> _RECORDS PROVIDED_
'''
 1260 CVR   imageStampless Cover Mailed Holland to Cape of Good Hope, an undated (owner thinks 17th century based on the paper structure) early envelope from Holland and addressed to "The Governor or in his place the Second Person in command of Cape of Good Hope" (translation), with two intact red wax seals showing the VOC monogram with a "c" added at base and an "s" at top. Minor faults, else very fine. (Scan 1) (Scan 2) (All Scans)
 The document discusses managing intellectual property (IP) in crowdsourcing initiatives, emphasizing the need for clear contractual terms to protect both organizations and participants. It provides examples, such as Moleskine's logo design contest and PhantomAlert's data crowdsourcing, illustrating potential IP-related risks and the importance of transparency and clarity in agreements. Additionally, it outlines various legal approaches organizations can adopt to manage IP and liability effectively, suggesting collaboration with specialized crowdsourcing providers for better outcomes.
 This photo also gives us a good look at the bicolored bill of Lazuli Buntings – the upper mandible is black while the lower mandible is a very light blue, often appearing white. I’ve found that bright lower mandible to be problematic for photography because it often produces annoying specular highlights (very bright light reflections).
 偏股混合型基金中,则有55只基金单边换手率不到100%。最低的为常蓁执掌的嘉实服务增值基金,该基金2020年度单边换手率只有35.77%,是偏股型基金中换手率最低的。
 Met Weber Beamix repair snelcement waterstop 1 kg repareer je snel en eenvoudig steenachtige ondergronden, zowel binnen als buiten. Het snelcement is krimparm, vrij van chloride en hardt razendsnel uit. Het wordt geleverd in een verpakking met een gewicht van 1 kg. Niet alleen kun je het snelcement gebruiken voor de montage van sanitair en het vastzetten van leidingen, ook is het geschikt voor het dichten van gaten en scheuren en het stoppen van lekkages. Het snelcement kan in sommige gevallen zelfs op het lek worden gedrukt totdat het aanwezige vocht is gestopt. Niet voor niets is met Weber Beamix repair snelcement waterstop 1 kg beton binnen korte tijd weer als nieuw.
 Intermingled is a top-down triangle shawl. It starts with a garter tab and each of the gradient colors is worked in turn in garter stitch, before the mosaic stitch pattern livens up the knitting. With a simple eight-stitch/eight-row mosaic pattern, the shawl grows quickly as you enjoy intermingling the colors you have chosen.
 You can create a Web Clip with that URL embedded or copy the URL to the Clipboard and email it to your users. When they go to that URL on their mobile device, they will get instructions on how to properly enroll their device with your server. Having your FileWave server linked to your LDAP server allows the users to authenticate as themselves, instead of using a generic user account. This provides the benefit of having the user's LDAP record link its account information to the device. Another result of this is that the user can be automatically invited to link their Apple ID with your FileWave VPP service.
'''
'''
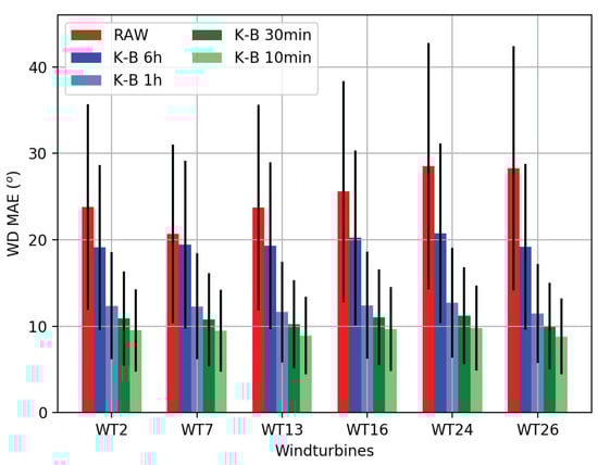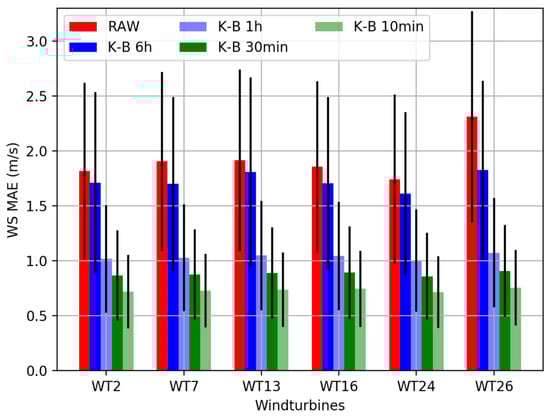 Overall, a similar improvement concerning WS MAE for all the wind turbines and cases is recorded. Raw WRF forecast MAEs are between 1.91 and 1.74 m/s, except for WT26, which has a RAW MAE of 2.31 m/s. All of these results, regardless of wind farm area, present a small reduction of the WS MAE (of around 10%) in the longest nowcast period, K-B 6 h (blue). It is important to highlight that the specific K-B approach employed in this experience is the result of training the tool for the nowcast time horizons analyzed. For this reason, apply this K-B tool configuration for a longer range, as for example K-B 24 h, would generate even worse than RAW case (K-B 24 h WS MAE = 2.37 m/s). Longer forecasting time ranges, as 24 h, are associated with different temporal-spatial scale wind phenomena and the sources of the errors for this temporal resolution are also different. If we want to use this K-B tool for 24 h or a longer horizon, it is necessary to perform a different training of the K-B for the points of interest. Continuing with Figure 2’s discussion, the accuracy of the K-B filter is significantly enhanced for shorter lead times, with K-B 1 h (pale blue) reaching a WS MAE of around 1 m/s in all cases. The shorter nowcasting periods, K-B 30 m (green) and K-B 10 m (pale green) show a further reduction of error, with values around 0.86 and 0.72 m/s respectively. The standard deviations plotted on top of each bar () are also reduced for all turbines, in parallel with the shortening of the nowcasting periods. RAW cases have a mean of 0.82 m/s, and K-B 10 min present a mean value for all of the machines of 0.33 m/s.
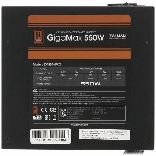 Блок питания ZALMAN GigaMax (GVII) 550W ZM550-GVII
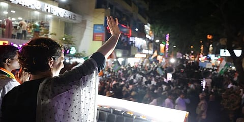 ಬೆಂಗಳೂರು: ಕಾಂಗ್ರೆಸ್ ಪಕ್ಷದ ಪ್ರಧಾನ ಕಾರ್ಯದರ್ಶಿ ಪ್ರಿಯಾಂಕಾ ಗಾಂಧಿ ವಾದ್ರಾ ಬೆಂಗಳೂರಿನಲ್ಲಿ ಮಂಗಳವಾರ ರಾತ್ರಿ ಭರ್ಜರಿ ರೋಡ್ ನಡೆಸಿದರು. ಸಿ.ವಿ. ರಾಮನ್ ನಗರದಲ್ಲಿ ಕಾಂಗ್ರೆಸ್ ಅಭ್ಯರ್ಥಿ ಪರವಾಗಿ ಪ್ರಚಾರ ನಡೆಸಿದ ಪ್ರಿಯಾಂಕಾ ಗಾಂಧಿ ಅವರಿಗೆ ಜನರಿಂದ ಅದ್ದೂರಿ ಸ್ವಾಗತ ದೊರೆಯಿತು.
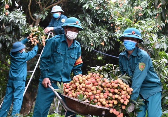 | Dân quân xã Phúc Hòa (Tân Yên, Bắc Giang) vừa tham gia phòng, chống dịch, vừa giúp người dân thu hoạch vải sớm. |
'''
'''
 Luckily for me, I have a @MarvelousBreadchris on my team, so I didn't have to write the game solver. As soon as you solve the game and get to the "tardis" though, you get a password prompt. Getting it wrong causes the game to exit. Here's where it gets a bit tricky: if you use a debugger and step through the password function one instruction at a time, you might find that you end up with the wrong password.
'''
> _EXERCISE REQUIREMENTS_
Starting at the line above that contains "Блок питания ZALMAN", transcribe every line exactly through the line that contains "hoạch vải sớm. |", including that last one, and skip the pictures.

> _WORKED SOLUTION_
 Блок питания ZALMAN GigaMax (GVII) 550W ZM550-GVII
 ಬೆಂಗಳೂರು: ಕಾಂಗ್ರೆಸ್ ಪಕ್ಷದ ಪ್ರಧಾನ ಕಾರ್ಯದರ್ಶಿ ಪ್ರಿಯಾಂಕಾ ಗಾಂಧಿ ವಾದ್ರಾ ಬೆಂಗಳೂರಿನಲ್ಲಿ ಮಂಗಳವಾರ ರಾತ್ರಿ ಭರ್ಜರಿ ರೋಡ್ ನಡೆಸಿದರು. ಸಿ.ವಿ. ರಾಮನ್ ನಗರದಲ್ಲಿ ಕಾಂಗ್ರೆಸ್ ಅಭ್ಯರ್ಥಿ ಪರವಾಗಿ ಪ್ರಚಾರ ನಡೆಸಿದ ಪ್ರಿಯಾಂಕಾ ಗಾಂಧಿ ಅವರಿಗೆ ಜನರಿಂದ ಅದ್ದೂರಿ ಸ್ವಾಗತ ದೊರೆಯಿತು.
 | Dân quân xã Phúc Hòa (Tân Yên, Bắc Giang) vừa tham gia phòng, chống dịch, vừa giúp người dân thu hoạch vải sớm. |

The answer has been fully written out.